Will there be disruptions?

Whenever we embark on these types of upgrades, my philosophy is to implement them in small steps, rather than one big change. It is more difficult to design the work this way, but it is also a lot safer. Prior to releasing any changes, all work is peer-reviewed and signed off by at least two other developers, and it’s run through our automated testing and some manual testing. 

Notwithstanding this, sometimes there are scenarios related to usage patterns and load that are very difficult for us to identify in a test environment. We have systems to create high levels of user load in our test environment, but this is inevitably different from the enormous variety of activities carried out by thousands of different real users at once. There can also be interactions which vary depending on the exact data used, users’ hardware and browser configurations, the order of actions taken, so sometimes even the best testing systems cannot account for all possible combinations. 

Unfortunately, the reality is likely to be that we will have some small issues going forward while we work through these upgrades.

However, I want to reassure you that our team of developers is available around the clock, as is our support team. Whenever we release a change, our team carefully monitors for any impacts. If any issues arise, our engineers are ready to act quickly so that any downtime will be very minimal (usually less than a few minutes). Likewise, when a bug is identified, our team will work to resolve that as soon as possible (as usual, the more information you can send us about any errors help our team get to the bottom of it faster).

The irony of improving foundations 

Upgrading foundations to meet future requirements is not glamorous.

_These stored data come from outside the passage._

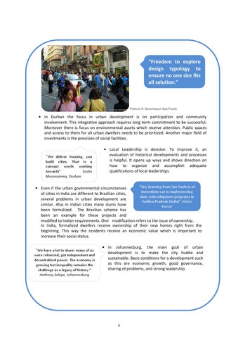 “Yes, learning from Sao Paulo is of Even if the urban governmental circumstances immediate use in implementing of cities in India are different to Brazilian cities, slum redevelopment programs in several problems in urban development are Andhra Pradesh (India)” Vishar similar. Also in Indian cities many slums have Kumar been formalized. The Brazilian scheme has been an example for these projects and modified to Indian requirements. One modification refers to the issue of ownership. In India, formalized dwellers receive ownership of their new homes right from the beginning. This way the residents receive an economic value which is important to increase their social status. “We have a lot to share: many of us were colonized, got independent and decentralized power. The economy is growing but inequality remains the challenge as a legacy of history.“ Anthony Selepe, Johannesburg
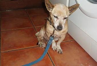 No ve ni oye, encontrado empapado una mañana de lluvia. Parece evidente, que además de la crueldad de abandonarlo en su estado, no le han cuidado mucho durante el resto de su vida. Qué tristeza!!!
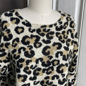 So soft. Leopard print sweater. Split hem. Pull on style. Very good used condition.
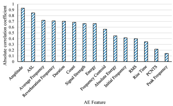 The correlation coefficients presented between the features and the label offer critical insights into the relationships that may be leveraged when selecting features for a linear regression model. In developing an accurate and reliable model, it is essential to select features that exhibit a strong correlation with the label, while minimizing multicollinearity among the selected features. The absolute values of the correlation coefficients between the impact location and the 15 AE features are shown in Figure 7. All correlation coefficients are arranged in ascending order.
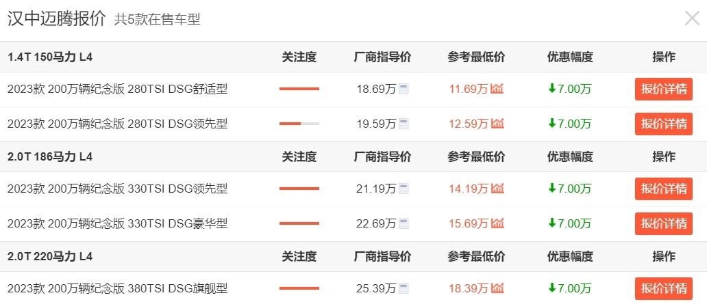 就以指導價18.69萬元的邁騰2023款 200萬輛紀念版 280TSI DSG舒適型為例,在優(yōu)惠了7萬元之后,新車的參考最低價也是直接來到了11.69萬元。那花不到12萬的裸車價格就能夠買到一臺1.4T的邁騰,這買賣難道不劃算嗎?
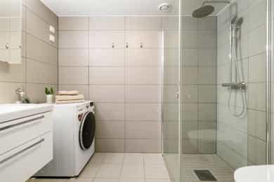 TG2 5. Etasje - Bad - Overflater vegger og himling Det er påvist at noen fliser har bom (hulrom under). Hulrom (bomflis) oppstår når flislimet ikke har fullstendig kontakt med flisen og underlaget over hele flatearealet. Konsekvens/tiltak: Bomfliser har redusert stabilitet og kan over tid løsne, sprekke eller slippe fukt gjennom flislaget, noe som reduserer både funksjon og levetid. Det anbefales å utbedre aktuelle fliser ved å fjerne og legge disse på nytt med korrekt vedheft, for å sikre tett og varig overflate. Helse, miljø og sikkerhet Boligen ligger minimum tre etasjer over bakkenivå og radonmåling er ikke relevant.
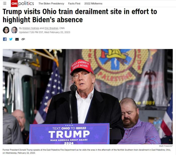 CNN称,特朗普试图将自己与拜登形成对比——拜登20日突访乌克兰,引发了国内一些右翼共和党人的抨击。个别右翼议员批评他选择去乌克兰首都基辅而不是美国的俄亥俄州,认为他无视国内化学品泄漏的危机。
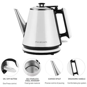 Chaleira elétrica Naibsan 1L em aço inoxidável, com desligamento automático, potência de 1000W e isolamento térmico.Características
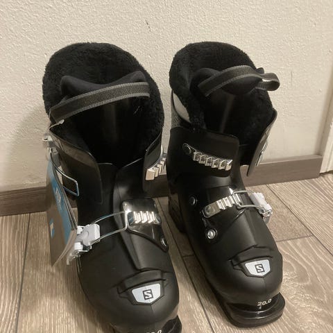 Naarmuiset mutta täysin ehjät ja hyvin toimivat Salomon Team lasten laskettelumonot.
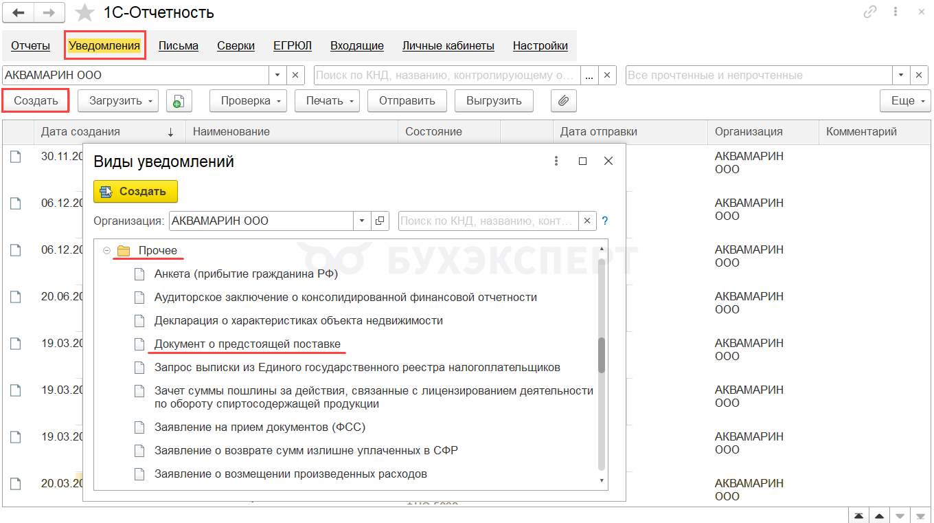 Создать и заполнить ДОПП можно в разделе Отчеты — 1С-Отчетность — Уведомления, сообщения, заявления — папка Прочее — Документ о предстоящей поставке.

It risks causing short-term disruptions and inconvenience, and the benefits may not be overtly visible for some time. 

Ironically, the easiest thing for us to do would be to avoid upgrades to Power Diary’s infrastructure until it became critical, and instead just focus on delivering a stream of new features, with bells and whistles that we know our existing and new customers would love. However, this would be akin to repainting a house, re-tiling the bathrooms and kitchen, and adding a second story, meanwhile ignoring the fact that the foundations will need to be replaced in a couple of years. It would look great superficially, but it’s short-sighted.  

This is not how we operate and never will.  

From day one we’ve taken a long-term view in everything we do as we believe it’s the only way to provide long-term quality, value, security and reliability to our customers. We know how important Power Diary is to all of the health practices that use and rely on it, and we take that responsibility very seriously. 

Whilst it’s not glamorous, the work we’re doing now is important for the long-term. It will allow us to keep providing all the features you love, as well as continuing to add new features to make your life easier, all built on the foundations you can rely on, well into the future.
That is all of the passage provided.